Edwards on the God Centeredness of God 6

THE END FOR WHICH GOD CREATED THE WORLD

Now, if the creature receives ALL from God, entirely and perfectly, how is it possible that it should have any thing to add to God to make him in any respect more than he was before, and so the Creator become dependent on the creature? (Jonathan Edwards, The End for Which God Created the World)

This powerful point by Edwards deserves much mediation of human souls as they should reflect on this as to how the glory of God shines in it and also how this should humble souls into great depths. Each creature receives all from God and that makes it impossible for the creature to add anything to God and to do anything for God. Whatever it is that the creature is to do in terms of service for God the creature must receive from God in the first place. Whenever the creature tries to serve God in its own strength, it is not serving God at all but is instead serving self out of pride. But even then, if we think deeply on the matter, the creature cannot lift an arm or take a breath apart from the sovereign God granting and giving it.

Acts 17:22 So Paul stood in the midst of the Areopagus and said, “Men of Athens, I observe that you are very religious in all respects. 23 “For while I was passing through and examining the objects of your worship, I also found an altar with this inscription, ‘TO AN UNKNOWN GOD.’ Therefore what you worship in ignorance, this I proclaim to you. 24 “The God who made the world and all things in it, since He is Lord of heaven and earth, does not dwell in temples made with hands; 25 nor is He served by human hands, as though He needed anything, since He Himself gives to all people life and breath and all things; 26 and He made from one man every nation of mankind to live on all the face of the earth, having determined their appointed times and the boundaries of their habitation, 27 that they would seek God, if perhaps they might grope for Him and find Him, though He is not far from each one of us; 28 for in Him we live and move and exist, as even some of your own poets have said, ‘For we also are His children.’ 29 “Being then the children of God, we ought not to think that the Divine Nature is like gold or silver or stone, an image formed by the art and thought of man.
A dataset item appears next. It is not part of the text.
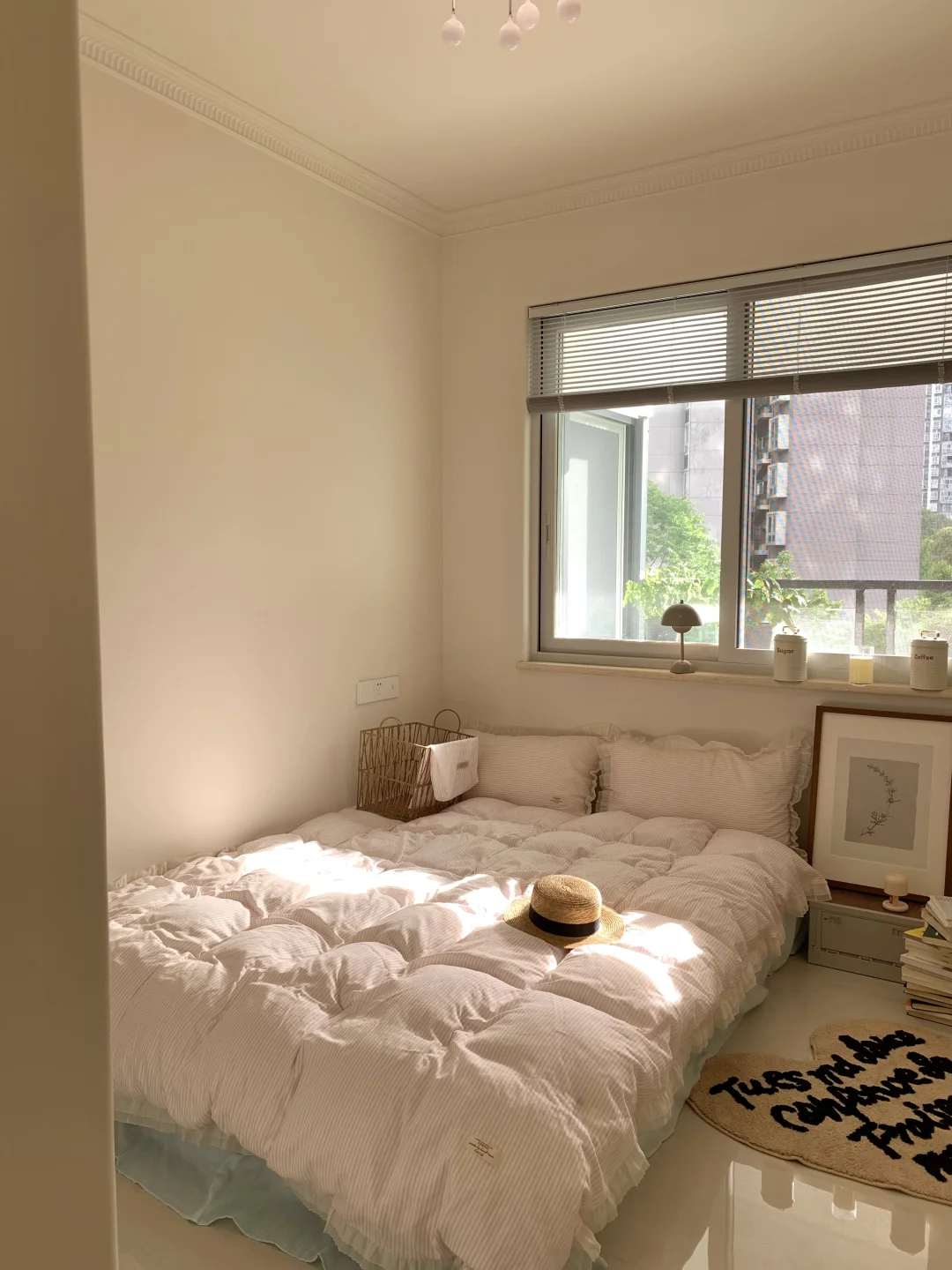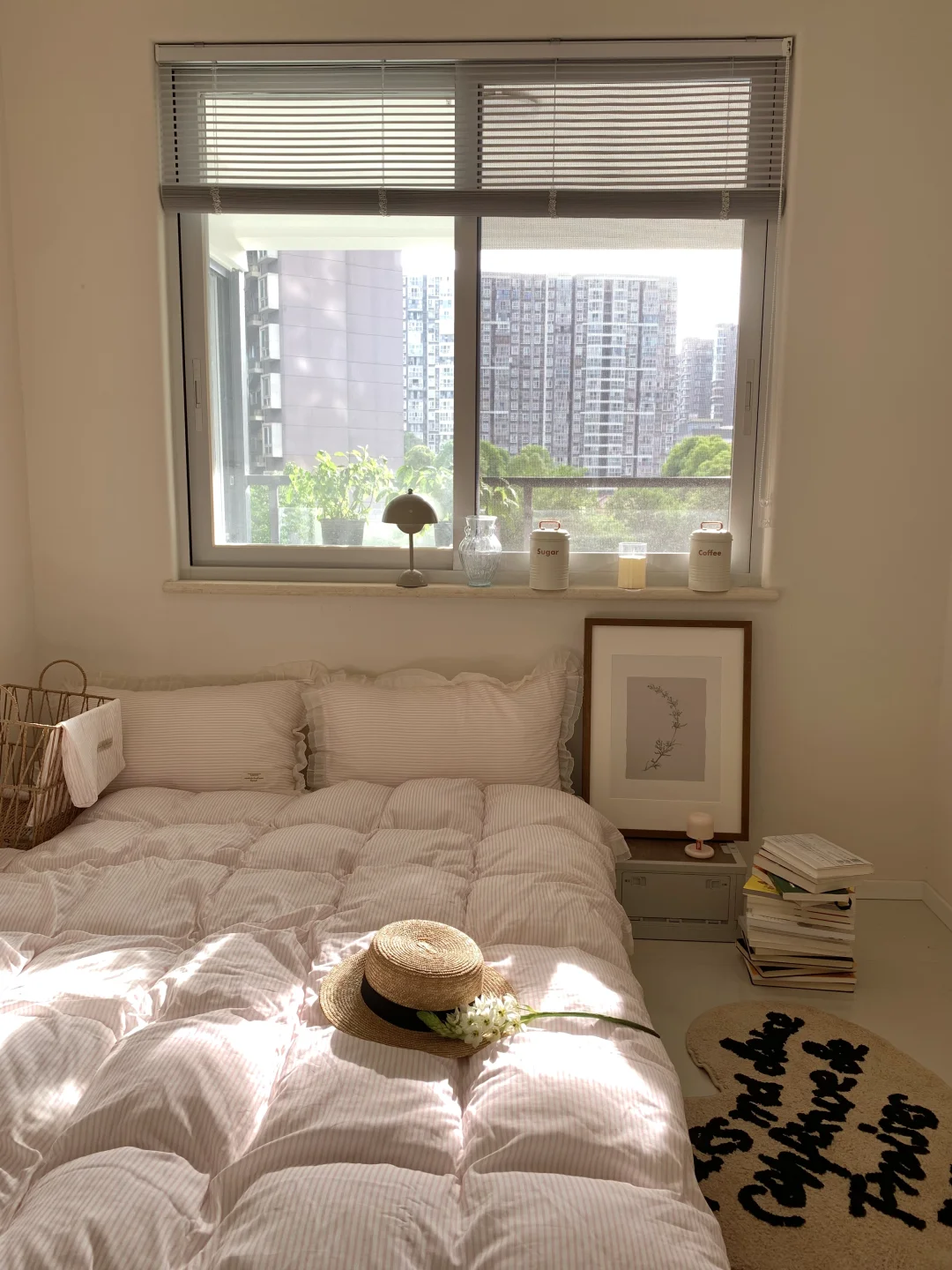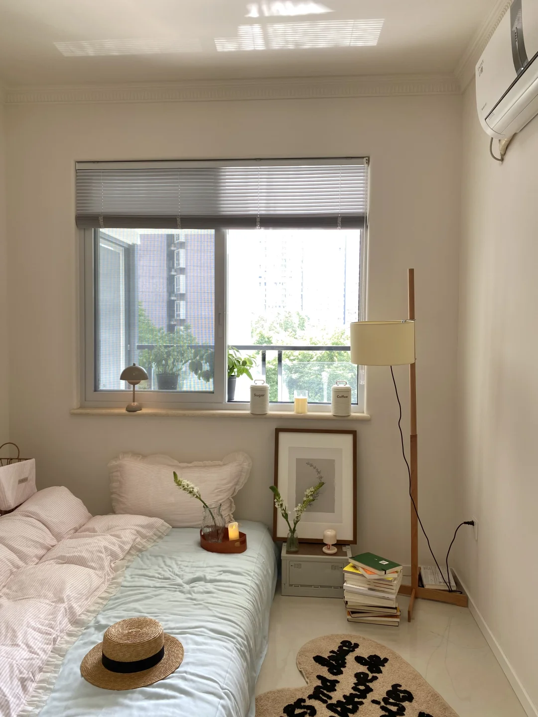 嗨喽啊~这里是铃子的家🏠 我无滤镜7平米韩系卧室太好睡啦~ 还有点夏日冰淇淋的味道🍧 分享一下我滴布置思路~ ▪️换个韩系滴四件套🛏️ ▪️摆一点美丽的花花🌸 ▪️加一点原木色点缀🪵

The passage in Acts 17 starts with Paul telling the religious people of Athens that they worshipped in ignorance. Their ignorance of the true God, as Paul goes on to state, is that they thought God could be served by human hands and they treated Him as if He needed things. Instead of that, however, Paul declares that the true God “Himself gives to all people life and breath and all things.” This should shatter any thought that human beings can add anything to God or do anything for God. The sovereign God who is eternal, all-powerful, and completely self-sufficient has no need at all for anyone to fill. He has created all things with nothing other than Himself and He is the one who upholds all things with nothing other than Himself. How can it be, then, that anyone can think that God needs a frail human being to do something for Him? How can it be a rational thought that a frail human being with breath in his nostrils can do the smallest thing for God?

Paul goes on to say that “in Him we live and move and exist.” He then goes on to say that we should not think that “the Divine Nature is like gold or silver or stone, an image formed by the art and thought of man.” The God that people were ignorant of in the days of Paul is also the God that people are ignorant of in the modern day. A person that thinks that s/he can do anything for God is a person that is ignorant of the true God. There is no need to tone things down or be politically correct on this matter; a person that thinks that God can be served is a person that is ignorant of the true God. The true God had a purpose in creating the world and it was not to create in order to have people do things for Him that He could not do for Himself. Instead of that, God created human beings in order to manifest Himself as all-sufficient. It is nothing but ignorance and pride that leads people to think that they can serve God and do things for God. The true God sits supreme in the heavens with no need of anything or anyone at all. He must have created all things for His own glory and His own good pleasure.